Pakistan has dispatched some of its top finance officials to Washington, London and other friendly countries seeking a lifeline of over $10 billion in emergency aid.

The delegation, led by Shaukat Tareen, finance advisor to Pakistan prime minister and central bank governor Shamshad Akhtar will seek a lifeline backed by the US and the UK to tide over the current crisis.

Pakistan has also approached oil-rich Gulf states for matching western aid to ensure that the country averts a balance of payment crisis.

Tareen has been specially assigned the job of coordinating a bailout after the country's foreign exchange reserves halved since the elections held in March this year and the formation of a coalition government led by the Pakistan People's Party.

High oil prices have complicated matters for Pakistan, whose economy has already been shattered by mismanagement and endemic corruption.

Pakistan also saw large-scale capital flight with the elite middle class and political heavy weights shifting funds to foreign countries amidst domestic uncertainties.

Pakistan's president Asif Ali Zardari was expecting to raise funds at a summit in the United Arab Emirates next month but the problem at home has worsened that there is no time now to wait.

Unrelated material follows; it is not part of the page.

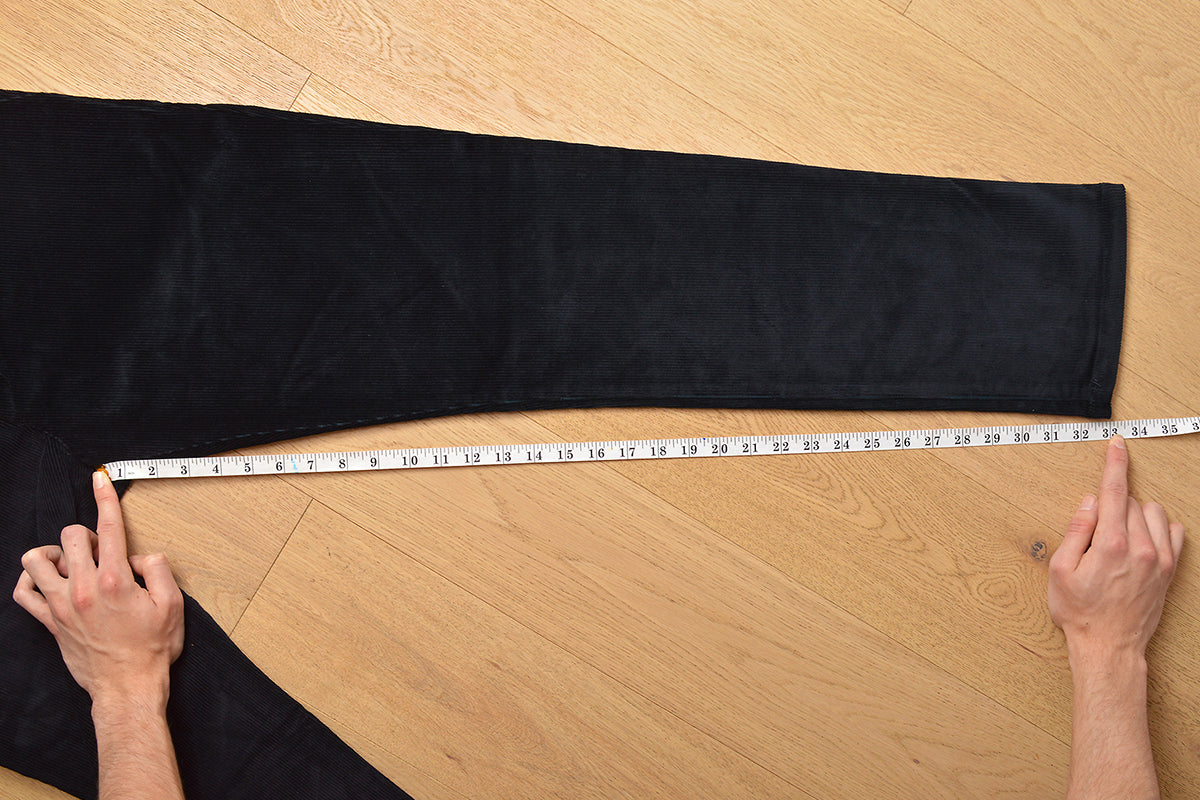 Measure from the crotch seam all the way down to the bottom of the leg.

Some Gulf countries, including Saudi Arabia, had signalled their willingness to divert part of their sovereign wealth funds to help Pakistan. But that was against owing huge tracts of Sindh and Punjab provinces in order to ensure food security for the Gulf emirates

The Gulf countries had also sought blanket exemptions on exports from its farms to the Gulf in return.

While the Musharraf government could manage a doubling of Pakistan's gross domestic product, with a six per cent growth rate and relative stability for around six years, much of the investment had gone to real estate and the stock market.

Now that the stock and realty boom has ended, Karachi, the country's economic capital, has borne the brunt of the collapse.

Meanwhile, minister for industries Ashwani Kumar said India too is increasingly being absorbed into the vortex of the global financal crisis even as the government and the Reserve Bank are doing their best to safeguard the interests of the people and steer it out of its adverse effects.

With the US accounting for 75 per cent of the country's exports, he said the country is going through a really rough patch and might take some time to return to normalcy.